[[ PROVIDED ENTRIES open ]]

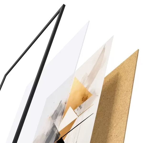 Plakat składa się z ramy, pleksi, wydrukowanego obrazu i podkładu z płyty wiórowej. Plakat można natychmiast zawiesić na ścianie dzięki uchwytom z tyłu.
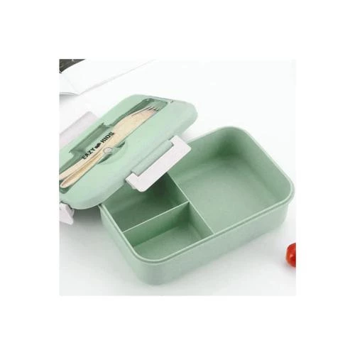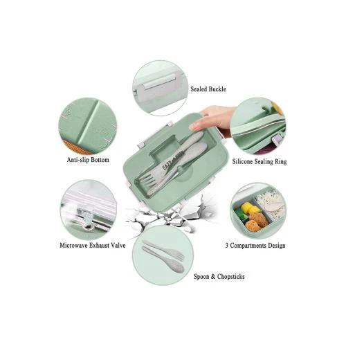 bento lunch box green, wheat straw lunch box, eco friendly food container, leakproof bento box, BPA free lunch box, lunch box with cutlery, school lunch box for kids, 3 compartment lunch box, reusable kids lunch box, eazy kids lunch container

[[ PROVIDED ENTRIES closed ]]
[[ PROVIDED ENTRIES open ]]

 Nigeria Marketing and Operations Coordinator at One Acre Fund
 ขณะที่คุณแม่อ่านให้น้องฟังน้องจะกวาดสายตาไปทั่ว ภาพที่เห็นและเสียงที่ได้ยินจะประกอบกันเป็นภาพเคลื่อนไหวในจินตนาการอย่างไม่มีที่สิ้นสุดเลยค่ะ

[[ PROVIDED ENTRIES closed ]]

ABOUT THIS TASK →
Only one part of the material above is to be transcribed, namely the lines starting with the line that has "Nigeria Marketing and" and going on through the line that has "ขณะที่คุณแม่อ่", exactly as they stand.

RESPONSE BELOW →
 Nigeria Marketing and Operations Coordinator at One Acre Fund
 ขณะที่คุณแม่อ่านให้น้องฟังน้องจะกวาดสายตาไปทั่ว ภาพที่เห็นและเสียงที่ได้ยินจะประกอบกันเป็นภาพเคลื่อนไหวในจินตนาการอย่างไม่มีที่สิ้นสุดเลยค่ะ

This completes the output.